◆ Exercise aim
Every line of the records below that holds the word "features" should be copied out.
☆ ☆ ☆ ☆ ☆
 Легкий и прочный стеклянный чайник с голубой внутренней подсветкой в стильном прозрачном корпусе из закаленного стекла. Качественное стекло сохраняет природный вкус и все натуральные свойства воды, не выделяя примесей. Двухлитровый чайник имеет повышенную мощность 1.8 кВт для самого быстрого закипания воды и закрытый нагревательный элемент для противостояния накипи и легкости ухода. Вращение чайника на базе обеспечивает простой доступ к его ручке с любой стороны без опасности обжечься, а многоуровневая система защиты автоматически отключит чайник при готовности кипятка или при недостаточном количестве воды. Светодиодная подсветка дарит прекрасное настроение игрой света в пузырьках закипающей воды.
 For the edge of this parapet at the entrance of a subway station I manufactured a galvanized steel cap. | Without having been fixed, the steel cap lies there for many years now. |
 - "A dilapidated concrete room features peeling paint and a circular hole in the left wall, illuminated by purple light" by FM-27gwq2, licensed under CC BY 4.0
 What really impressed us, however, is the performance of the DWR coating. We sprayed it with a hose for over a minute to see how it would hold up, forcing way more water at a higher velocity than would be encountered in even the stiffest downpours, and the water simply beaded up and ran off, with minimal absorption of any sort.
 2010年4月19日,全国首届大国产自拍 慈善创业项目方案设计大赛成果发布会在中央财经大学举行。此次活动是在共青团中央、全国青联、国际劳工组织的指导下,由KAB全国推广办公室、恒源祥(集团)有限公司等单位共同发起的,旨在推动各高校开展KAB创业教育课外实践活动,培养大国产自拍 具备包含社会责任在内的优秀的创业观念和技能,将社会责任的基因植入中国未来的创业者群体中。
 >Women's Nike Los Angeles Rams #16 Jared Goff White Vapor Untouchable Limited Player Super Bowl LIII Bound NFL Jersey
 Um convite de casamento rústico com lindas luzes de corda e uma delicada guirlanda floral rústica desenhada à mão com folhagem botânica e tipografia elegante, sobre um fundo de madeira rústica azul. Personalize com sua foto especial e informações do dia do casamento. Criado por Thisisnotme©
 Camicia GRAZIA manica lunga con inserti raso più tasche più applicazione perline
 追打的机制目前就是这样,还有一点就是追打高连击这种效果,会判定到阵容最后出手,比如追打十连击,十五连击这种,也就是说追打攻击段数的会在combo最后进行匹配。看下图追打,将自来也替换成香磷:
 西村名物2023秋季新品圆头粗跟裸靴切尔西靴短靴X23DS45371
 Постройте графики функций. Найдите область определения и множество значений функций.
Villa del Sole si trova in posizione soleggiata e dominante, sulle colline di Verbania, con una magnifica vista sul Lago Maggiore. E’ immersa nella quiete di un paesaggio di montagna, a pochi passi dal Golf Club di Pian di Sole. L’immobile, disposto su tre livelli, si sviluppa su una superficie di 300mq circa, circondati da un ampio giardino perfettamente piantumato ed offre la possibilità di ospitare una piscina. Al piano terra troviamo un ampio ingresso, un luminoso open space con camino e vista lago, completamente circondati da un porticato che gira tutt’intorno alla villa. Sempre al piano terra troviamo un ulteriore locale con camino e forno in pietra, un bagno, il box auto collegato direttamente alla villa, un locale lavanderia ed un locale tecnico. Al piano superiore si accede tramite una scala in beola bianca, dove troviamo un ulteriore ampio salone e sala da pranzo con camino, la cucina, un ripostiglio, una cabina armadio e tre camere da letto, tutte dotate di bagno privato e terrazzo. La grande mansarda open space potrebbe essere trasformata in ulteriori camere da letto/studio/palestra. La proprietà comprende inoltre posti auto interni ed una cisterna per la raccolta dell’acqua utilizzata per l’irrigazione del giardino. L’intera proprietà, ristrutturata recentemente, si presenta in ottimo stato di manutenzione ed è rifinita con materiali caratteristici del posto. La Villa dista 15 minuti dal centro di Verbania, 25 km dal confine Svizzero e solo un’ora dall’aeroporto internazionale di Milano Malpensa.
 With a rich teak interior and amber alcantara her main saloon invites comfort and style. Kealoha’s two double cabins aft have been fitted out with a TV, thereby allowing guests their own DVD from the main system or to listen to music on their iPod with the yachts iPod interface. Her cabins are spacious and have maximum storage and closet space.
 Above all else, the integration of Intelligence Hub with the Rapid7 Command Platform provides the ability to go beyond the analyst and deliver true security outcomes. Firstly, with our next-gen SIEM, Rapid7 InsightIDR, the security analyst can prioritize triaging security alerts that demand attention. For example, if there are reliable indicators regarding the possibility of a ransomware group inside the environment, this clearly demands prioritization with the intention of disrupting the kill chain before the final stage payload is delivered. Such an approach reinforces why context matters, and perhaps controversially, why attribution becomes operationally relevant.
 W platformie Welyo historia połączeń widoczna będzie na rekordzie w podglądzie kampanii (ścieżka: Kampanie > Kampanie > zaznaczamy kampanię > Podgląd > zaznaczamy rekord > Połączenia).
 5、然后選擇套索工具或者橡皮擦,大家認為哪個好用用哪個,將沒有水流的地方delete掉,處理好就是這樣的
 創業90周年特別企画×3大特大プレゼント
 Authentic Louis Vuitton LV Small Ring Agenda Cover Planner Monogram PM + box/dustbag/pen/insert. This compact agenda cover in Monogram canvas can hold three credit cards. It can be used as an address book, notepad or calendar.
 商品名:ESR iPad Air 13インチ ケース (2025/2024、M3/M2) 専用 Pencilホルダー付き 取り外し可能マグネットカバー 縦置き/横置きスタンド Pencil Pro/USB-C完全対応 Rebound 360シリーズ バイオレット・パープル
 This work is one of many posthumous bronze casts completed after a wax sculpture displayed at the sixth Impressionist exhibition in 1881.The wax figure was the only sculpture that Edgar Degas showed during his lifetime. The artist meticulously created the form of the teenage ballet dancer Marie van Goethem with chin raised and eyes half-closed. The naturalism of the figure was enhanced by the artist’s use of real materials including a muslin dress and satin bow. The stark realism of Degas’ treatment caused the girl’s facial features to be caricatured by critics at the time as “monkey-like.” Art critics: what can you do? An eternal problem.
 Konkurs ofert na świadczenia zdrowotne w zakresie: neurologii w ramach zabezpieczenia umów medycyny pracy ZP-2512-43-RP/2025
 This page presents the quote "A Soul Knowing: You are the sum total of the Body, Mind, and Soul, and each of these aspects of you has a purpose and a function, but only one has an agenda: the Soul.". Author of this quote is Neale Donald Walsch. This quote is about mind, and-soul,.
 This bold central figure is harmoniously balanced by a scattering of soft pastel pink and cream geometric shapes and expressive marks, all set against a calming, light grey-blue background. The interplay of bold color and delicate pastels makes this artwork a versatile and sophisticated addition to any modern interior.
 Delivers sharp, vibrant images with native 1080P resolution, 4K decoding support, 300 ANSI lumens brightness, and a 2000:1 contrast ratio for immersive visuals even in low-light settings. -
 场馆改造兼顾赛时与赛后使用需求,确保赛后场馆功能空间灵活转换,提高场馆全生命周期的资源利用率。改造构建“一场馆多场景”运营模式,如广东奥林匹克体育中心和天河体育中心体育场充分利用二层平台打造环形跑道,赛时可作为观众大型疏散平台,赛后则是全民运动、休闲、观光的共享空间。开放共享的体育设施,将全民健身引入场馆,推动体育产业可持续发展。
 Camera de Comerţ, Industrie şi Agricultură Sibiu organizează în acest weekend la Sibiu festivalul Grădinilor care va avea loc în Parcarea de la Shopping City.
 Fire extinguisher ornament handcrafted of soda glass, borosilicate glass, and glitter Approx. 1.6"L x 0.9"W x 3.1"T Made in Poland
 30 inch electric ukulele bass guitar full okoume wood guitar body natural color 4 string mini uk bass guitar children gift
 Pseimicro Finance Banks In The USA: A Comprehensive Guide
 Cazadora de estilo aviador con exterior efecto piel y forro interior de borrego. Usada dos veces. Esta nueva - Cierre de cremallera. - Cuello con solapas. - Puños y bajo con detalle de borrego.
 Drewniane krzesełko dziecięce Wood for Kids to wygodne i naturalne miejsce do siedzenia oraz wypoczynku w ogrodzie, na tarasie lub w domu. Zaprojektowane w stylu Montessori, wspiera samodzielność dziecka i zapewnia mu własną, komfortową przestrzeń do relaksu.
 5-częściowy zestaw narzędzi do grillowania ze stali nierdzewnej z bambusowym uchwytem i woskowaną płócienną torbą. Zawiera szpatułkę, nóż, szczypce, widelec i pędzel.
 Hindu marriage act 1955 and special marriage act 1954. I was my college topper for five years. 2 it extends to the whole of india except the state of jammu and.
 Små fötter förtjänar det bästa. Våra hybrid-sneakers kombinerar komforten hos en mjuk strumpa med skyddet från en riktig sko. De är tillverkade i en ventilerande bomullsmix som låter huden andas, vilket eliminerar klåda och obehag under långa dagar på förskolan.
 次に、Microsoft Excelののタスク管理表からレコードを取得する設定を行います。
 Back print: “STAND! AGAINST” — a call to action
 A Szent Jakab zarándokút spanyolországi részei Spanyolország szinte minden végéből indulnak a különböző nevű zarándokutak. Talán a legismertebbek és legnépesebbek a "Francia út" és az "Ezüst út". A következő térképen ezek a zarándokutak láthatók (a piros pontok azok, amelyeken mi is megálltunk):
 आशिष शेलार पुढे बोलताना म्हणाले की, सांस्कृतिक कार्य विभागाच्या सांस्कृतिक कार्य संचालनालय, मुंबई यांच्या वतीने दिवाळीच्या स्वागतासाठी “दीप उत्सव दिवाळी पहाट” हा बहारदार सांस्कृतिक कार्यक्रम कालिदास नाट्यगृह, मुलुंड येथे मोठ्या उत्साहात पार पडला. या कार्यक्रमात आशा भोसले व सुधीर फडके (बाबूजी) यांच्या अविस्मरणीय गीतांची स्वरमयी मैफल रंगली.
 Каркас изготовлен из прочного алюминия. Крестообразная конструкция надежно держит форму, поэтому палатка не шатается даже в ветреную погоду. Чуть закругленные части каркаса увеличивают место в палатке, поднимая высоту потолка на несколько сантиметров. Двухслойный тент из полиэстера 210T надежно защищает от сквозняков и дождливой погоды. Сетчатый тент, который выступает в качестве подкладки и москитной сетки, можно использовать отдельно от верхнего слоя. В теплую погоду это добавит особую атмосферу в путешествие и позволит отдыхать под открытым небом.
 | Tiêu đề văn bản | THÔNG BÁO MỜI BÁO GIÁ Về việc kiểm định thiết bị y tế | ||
☆ ☆ ☆ ☆ ☆
◆ Answer box
 - "A dilapidated concrete room features peeling paint and a circular hole in the left wall, illuminated by purple light" by FM-27gwq2, licensed under CC BY 4.0
 This work is one of many posthumous bronze casts completed after a wax sculpture displayed at the sixth Impressionist exhibition in 1881.The wax figure was the only sculpture that Edgar Degas showed during his lifetime. The artist meticulously created the form of the teenage ballet dancer Marie van Goethem with chin raised and eyes half-closed. The naturalism of the figure was enhanced by the artist’s use of real materials including a muslin dress and satin bow. The stark realism of Degas’ treatment caused the girl’s facial features to be caricatured by critics at the time as “monkey-like.” Art critics: what can you do? An eternal problem.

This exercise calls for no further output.